Action item: For every line in the records that has the word "with", make a copy.

Data: Begin

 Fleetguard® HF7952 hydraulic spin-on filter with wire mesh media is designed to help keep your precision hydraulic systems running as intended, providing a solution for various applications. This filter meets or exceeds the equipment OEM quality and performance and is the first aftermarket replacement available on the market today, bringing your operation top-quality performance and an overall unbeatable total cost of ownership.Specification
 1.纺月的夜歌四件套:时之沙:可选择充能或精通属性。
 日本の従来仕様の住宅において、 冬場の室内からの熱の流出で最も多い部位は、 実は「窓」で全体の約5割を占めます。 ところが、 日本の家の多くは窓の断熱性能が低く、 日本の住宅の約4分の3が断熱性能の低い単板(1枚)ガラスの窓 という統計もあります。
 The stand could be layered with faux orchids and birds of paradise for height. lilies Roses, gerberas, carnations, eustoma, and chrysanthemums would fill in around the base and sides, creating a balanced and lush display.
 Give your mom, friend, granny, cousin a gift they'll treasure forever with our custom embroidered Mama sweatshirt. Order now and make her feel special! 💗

Data: End
Data: Begin

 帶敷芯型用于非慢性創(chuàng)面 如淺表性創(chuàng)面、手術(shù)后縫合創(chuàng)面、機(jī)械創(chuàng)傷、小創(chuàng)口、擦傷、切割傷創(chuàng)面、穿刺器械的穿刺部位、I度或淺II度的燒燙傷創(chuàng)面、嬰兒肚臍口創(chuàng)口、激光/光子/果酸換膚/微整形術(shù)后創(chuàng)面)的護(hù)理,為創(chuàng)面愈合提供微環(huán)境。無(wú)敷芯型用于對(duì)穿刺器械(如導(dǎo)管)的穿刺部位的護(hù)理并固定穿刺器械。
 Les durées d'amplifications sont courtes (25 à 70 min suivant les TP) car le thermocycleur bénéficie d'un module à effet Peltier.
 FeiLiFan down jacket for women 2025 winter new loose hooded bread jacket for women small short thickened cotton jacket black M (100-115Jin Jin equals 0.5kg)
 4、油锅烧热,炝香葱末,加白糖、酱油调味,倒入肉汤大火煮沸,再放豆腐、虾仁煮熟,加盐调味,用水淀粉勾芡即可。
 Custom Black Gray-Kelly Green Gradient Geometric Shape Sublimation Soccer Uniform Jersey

Data: End

Answer space:
 Fleetguard® HF7952 hydraulic spin-on filter with wire mesh media is designed to help keep your precision hydraulic systems running as intended, providing a solution for various applications. This filter meets or exceeds the equipment OEM quality and performance and is the first aftermarket replacement available on the market today, bringing your operation top-quality performance and an overall unbeatable total cost of ownership.Specification
 The stand could be layered with faux orchids and birds of paradise for height. lilies Roses, gerberas, carnations, eustoma, and chrysanthemums would fill in around the base and sides, creating a balanced and lush display.
 Give your mom, friend, granny, cousin a gift they'll treasure forever with our custom embroidered Mama sweatshirt. Order now and make her feel special! 💗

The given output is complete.